4- DISCUSSION
In this work, we enlarge the Kunitz-type toxin family active on the V2 vasopressin receptor through identification and characterization of novel mamba and cobra V2R antagonist ligands. Thanks to screening experiments and phylogenetic analysis, these structured ligands enable us to understand a new molecular mechanism for their interaction with the V2R.
Mamba (African) and cobra (here Asian species) are two evolutionary- and geographically-distant snakes. The presence of a cobra toxin group also active on V2R suggests either 1) independently derived V2R-activity of Kunitz toxins from cobras and mambas, or 2) conserved V2R-activity due to shared ancestry (ion-channel blockade of dendrotoxins would be the derived activity then). The presence of toxins active on V2R in various Elapid snake venoms suggests an important role of these toxins for snakes’ survival. However, whether or not the V2R activity is their selected function in the ecological context of venom use remains to be established. We note that as long as victim has access to water, blockage of V2R shouldn’t be toxic at all. In any case, the screening of new targets, like GPCRs, allowed us the discovery of new group of toxins with a strong activity on a pharmaceutically relevant receptor, highlighting the extraordinary diversity of animal toxins present in venoms that remains largely underexplored.
The identification of a new monophylogenic group in the Kunitz peptide family constituted a great opportunity to better understand the molecular mechanisms supporting the pharmacological property of these toxins. The natural SAR highlighted the importance of the 2 MQ1 major loops in V2R binding, which was confirmed by an extended number of characterized MQ1 variants. MQ1 shows a new strategy to bind to its target compared to α-DTX (Fig. 1, Gasparini et al., 1998) and BPTI (Fig. 1, Kawamura et al., 2011). Indeed, whereas α-DTX uses its structured part to block Kv1.1 and BPTI its loop 1 to inhibit serine-proteases, MQ1 exploited its 2 major loops and engages more positions in its interaction with V2R. The pharmacophore defined by numerus amino acids positioned in loop 1 (9 to 18) and loop 2 (34, 39 and 44) may be at the origin of the absolute selectivity of MQ1 for the V2R.
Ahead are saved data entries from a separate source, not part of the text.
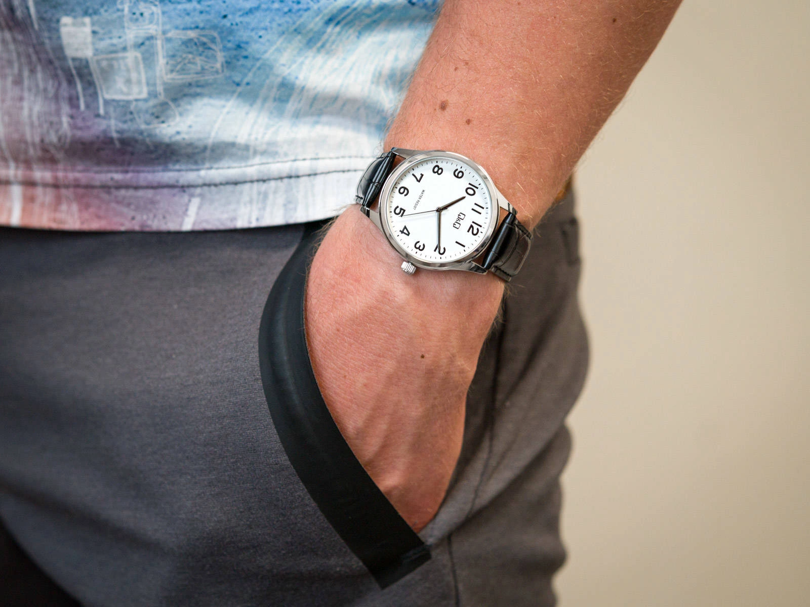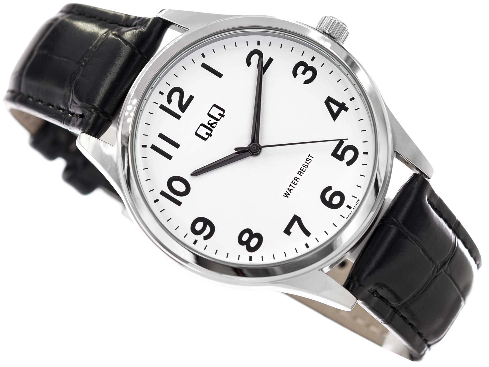 Q&Q Q59A-001PY to produkt zaprojektowany dla fanów minimalizmu. Czarny pasek wykonany ze eko-skóry, po pewnym czasie idealnie dopasuje się do nadgarstka. Na białym cyferblacie umieszczono wyraźne kontrastujące indeksy w postaci cyfr arabskich. Tarcza prezentuje się klarownie, a szybki odczyt godziny nie powinien sprawić problemu, nawet osobom z nieco słabszym wzrokiem. Szkło mineralne odporne na zarysowania, ochrania cyferblat. Produkt działa w oparciu o japoński mechanizm kwarcowy z wymienną baterią. Model Q&Q Q59A-001PY za sprawą stonowanej kolorystyki i klasycznego designu znakomicie prezentuje się na męskim nadgarstku i z powodzeniem może być dodatkiem do garderoby na co dzień, jak również na specjalne okazje.
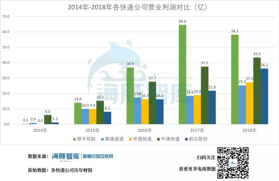 2014-2018年各快递公司营业利润,各快递公司历年财报 海豚智库整理
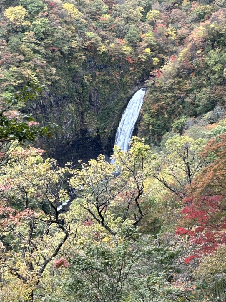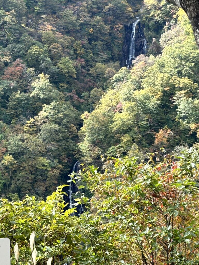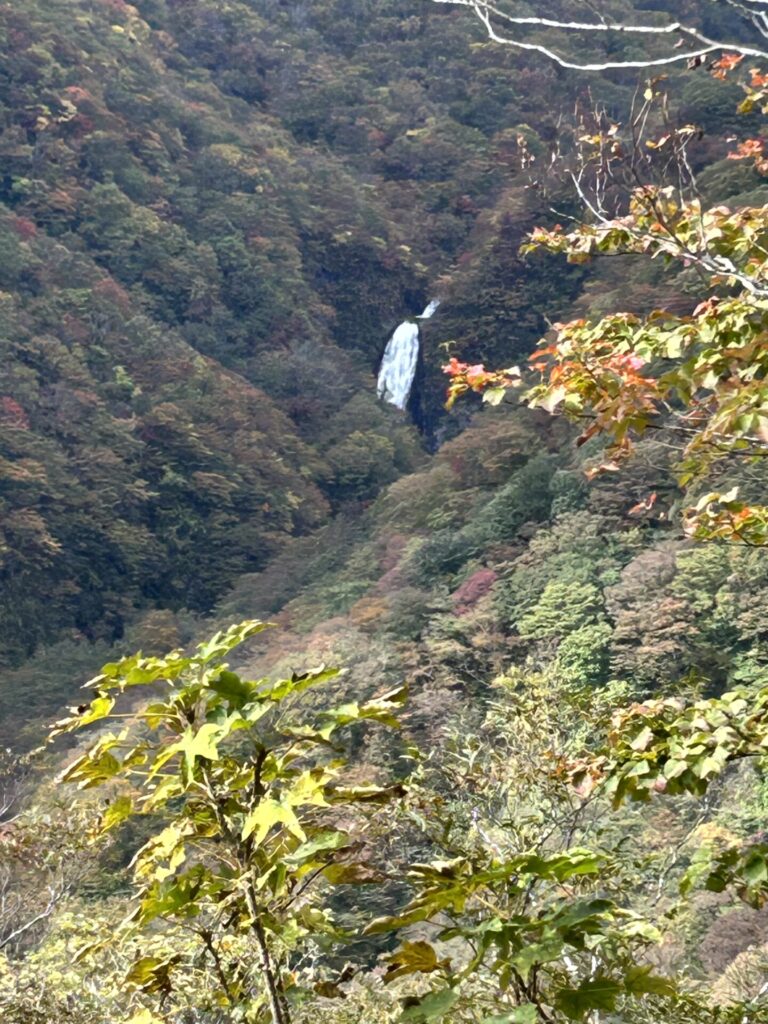 今日は蔵王に向かいます。窓から外を見ると晴れてはいますが、山の上を雲が厚くす覆っています。蔵王ドライブの最初は滝見台で、そこからは、三階滝(高さ181mで日本の滝百選の一つ)と不動滝(高さ53.5m)が見えます。(追記:ブラタモリ で10/25(土)・11/1(土)、これから行く御釜と蔵王温泉を放映していました)
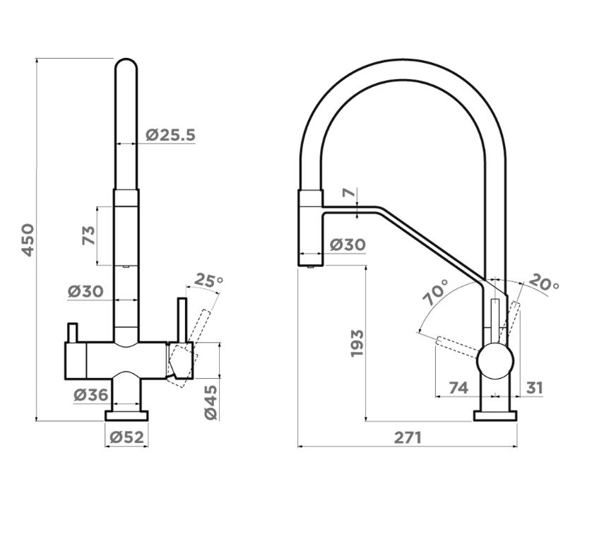 Omoikiri Akeno lg - схема с размерами к смесителю на разных языках на Hausdorf
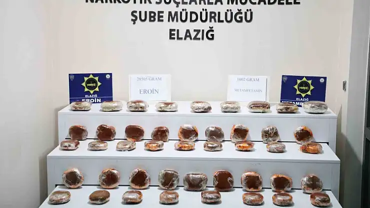 Elazığ'da polis ekipleri tarafından yapılan çalışmada, pirinç paketlerinin içerisine salça ile streçlenmiş vaziyette 28 kilo 505 gram eroin ve 1 kilo 2 gram metamfetamin ele geçirildi.
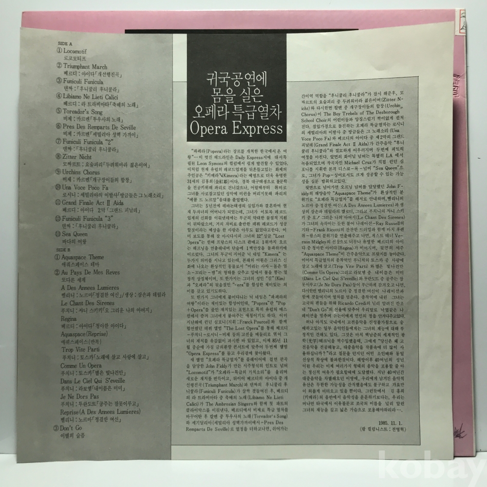 | 자켓상태 | EX : 약간의 마모, 모서리 찢김 존재 | 음반상태 | EX : 재생에 영향 없는 가벼운 기스 존재 | 발매정보 | 알수없음 | 가사지여부 | 무 |
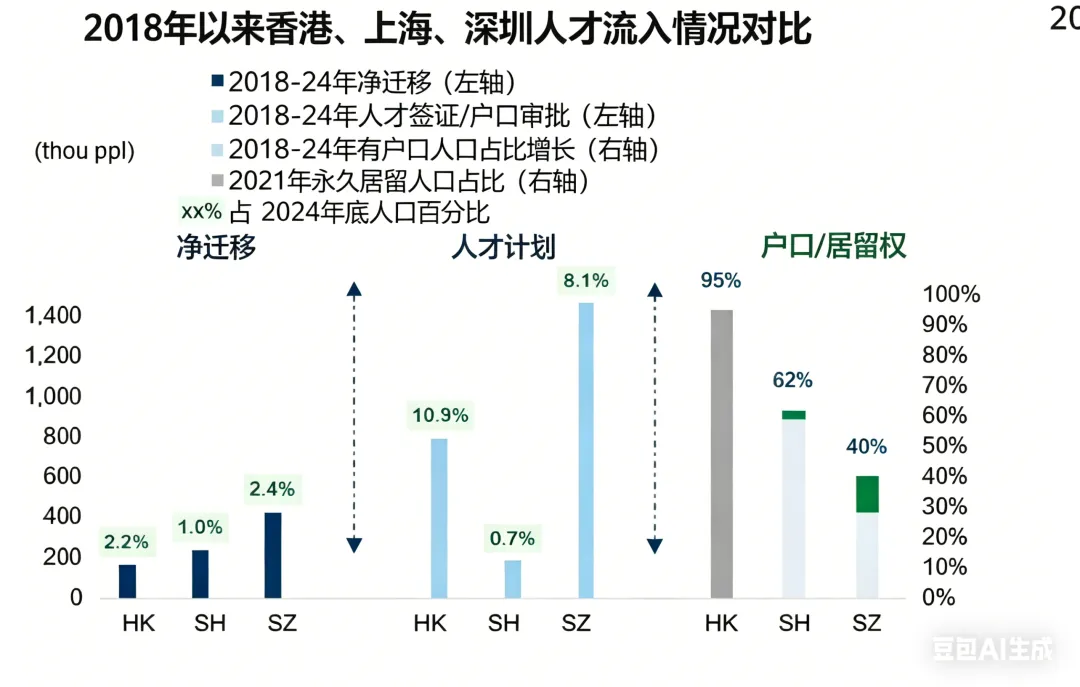 报告认为近两年上海积分落户政策放宽,有助于常住人口转为户籍人口,而户籍人口留在本地生活、买房的概率比常住人口更高。数据显示,2018-2024年期间,香港净吸纳人口16.3万人,占总人口的2.2%;上海净吸纳23.6万人,占总人口的1%;深圳净吸纳42.6万人,占总人口的2.4%。此前上海吸纳人口相对较少是因为户籍限制较严,2021年起上海积分落户总量开始提升,户籍人口总量的上升斜率明显加大,深圳户籍人口总量也在持续提升。收入层面
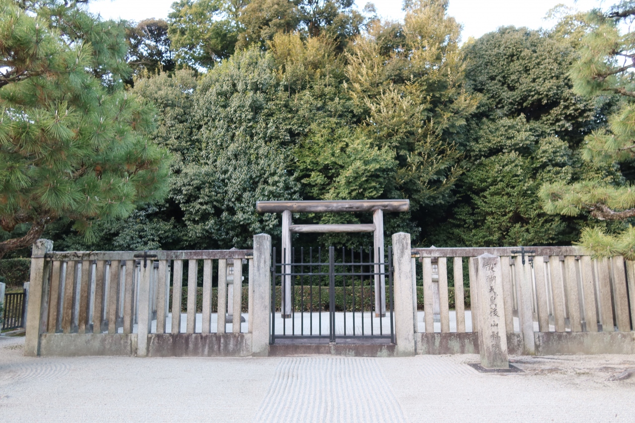 随心院を東に約300m程行った住宅街の中に突如森の様な小山が現れます。そこが醍醐天皇陵 後山科陵です。第60代の天皇である醍醐天皇をが眠る御陵です。周囲を回って見ると、綺麗に丸く、直線に延びる整備された参道が印象的な御陵でした。
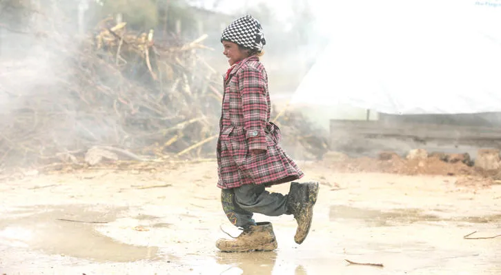 طفلة سورية نازحة في مخيم شرق الغوطة الشرقية بريف دمشق الثلاثاء الماضي وسط موجة برد شديدة تضرب المنطقة (أ.ف.ب)
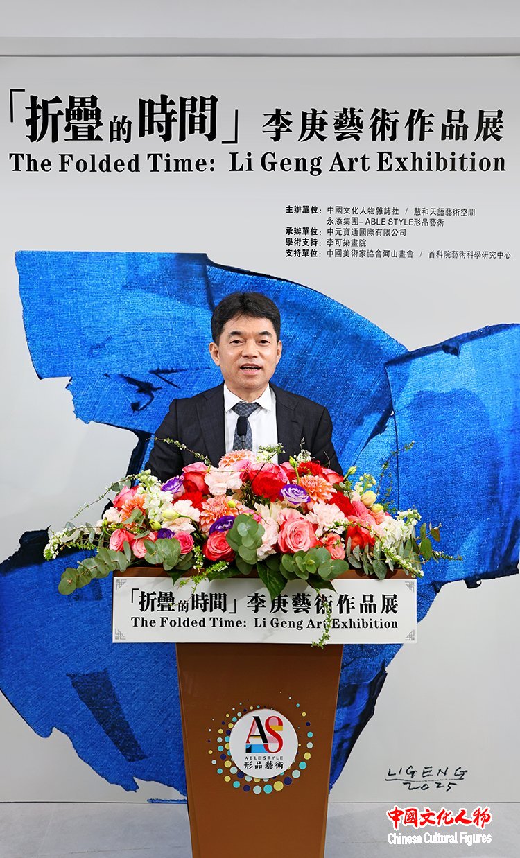 2026年1月25日,由中国文化人物杂志社、北京慧和天语艺术空间、永添集团-ABLE STYLE形品艺术主办,李可染画院学术支持,中国美术家协会河山画会、首科院艺术科学研究中心支持,中元宝通国际承办的“折叠的时间”李庚艺术作品展在香港铜锣湾开幕
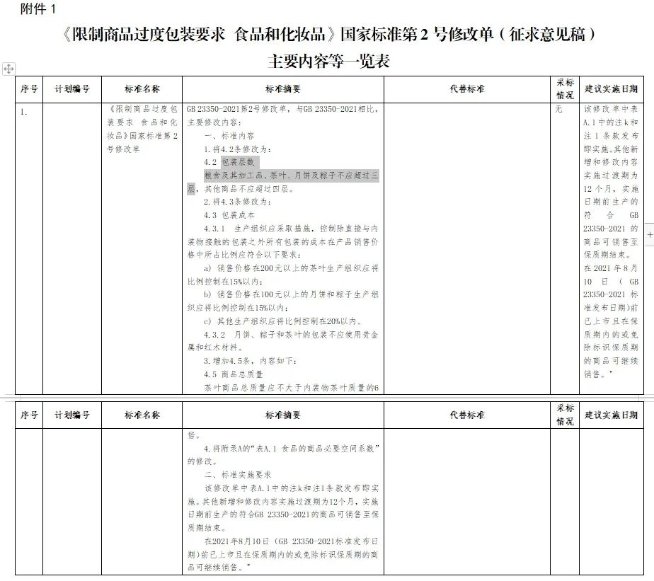 8月18日,工信部网站发布《公开征求对〈限制商品过度包装要求 食品和化妆品〉强制性国家标准第2号修改单(征求意见稿)的意见》。《修改单(征求意见稿)主要内容等一览表》中提到:
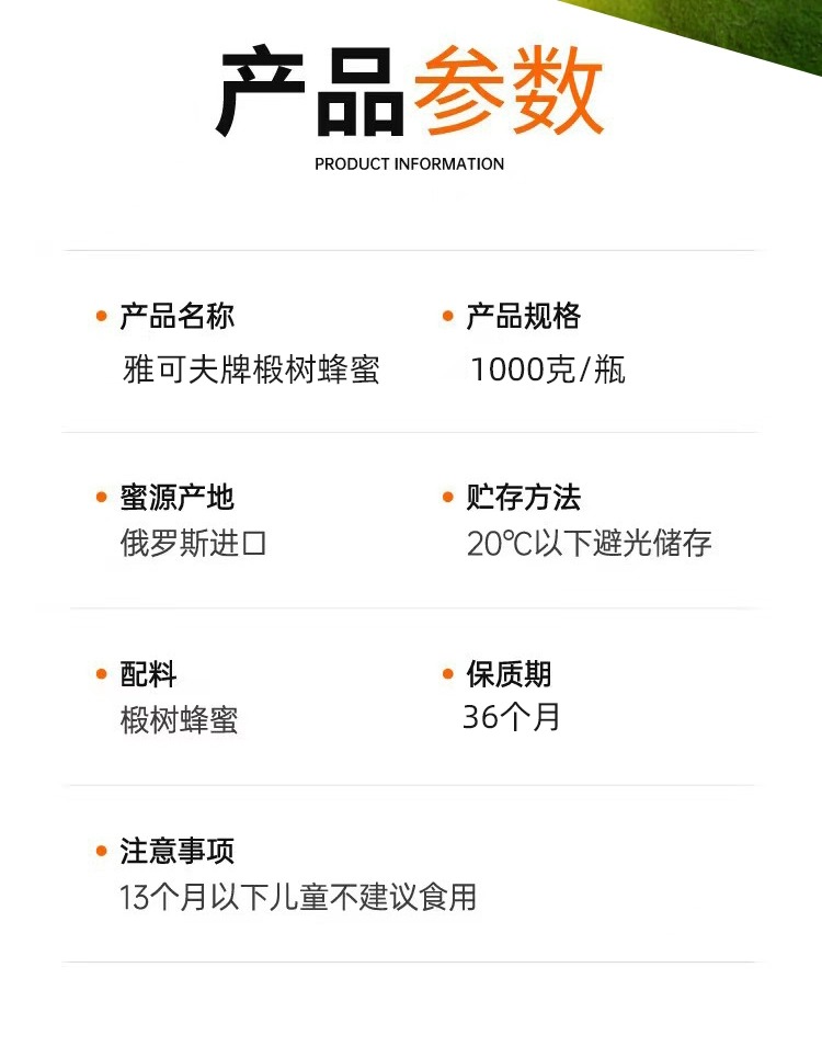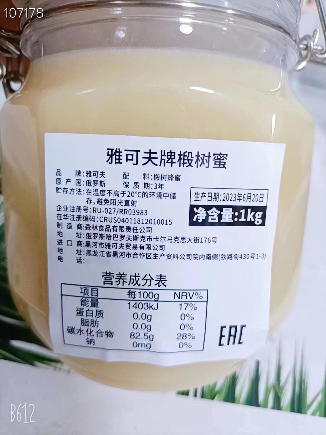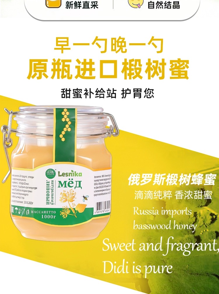 【中欧班列精选2斤装】俄罗斯蜂蜜原装进口雅克夫牌椴树蜂蜜卡扣瓶装 1KG/瓶 YPD

MQ1 displays the same nanomolar affinity for rat and human V2R (Droctové et al., 2020) but no interaction with V1aR, V1bR or OTR (Ciolek et al., 2017). The figure 6 shows a sequence alignment between the 3 external loops (ELs) of the vasopressin-sensitive receptors. When comparing these 5 receptor sequences, 9 positions appeared as V2R specific versusV1Rs and OTR. Three are acidic residues: D103 (numbering according to the hV2R) in ECL1, E198 in ECL2, E299 in ECL3 and 6 are non-polar residues, all in ECL3. The 3 MQ1 basic residues implied in V2R binding (K10, K39, R44) and the 3 V2R specific acidic residues just described, point to a charge complementarity between the two partners. In addition to these 9 specific positions, differences in loop length may play a role in the MQ1 selectivity. OTR ECL2 is shorter by 2 residues compared to V2R while the V1Rs ECL3 ones are longer by 3 residues. Even if extensive structure-activity-relationships should be done to validate these hypotheses, these data describe the implication of important residues covering a large surface of contact for MQ1, which appear to be in coherence with a possible implication of the 3 V2R ECLs in the complex MQ1/V2R formation.
MQ1-K39A showed an interesting 14-fold higher specificity for hV2Rversus rV2R. Too many mutations exist between rat and human V2R sequences to propose any hypothesis but MQ1-K39A represent a new tool to gain insights into its mode of action. Blocking the V2R is a validated therapeutic line for several pathologies like the autosomal dominant polycystic kidney disease (Juul et al., 2014). Improving the in vivo activity of MQ1 is important to develop a new therapeutic option for V2R-related diseases. This work presents an upgraded version of MQ1, which can not be validated on rats, showing the limits of rat animal model.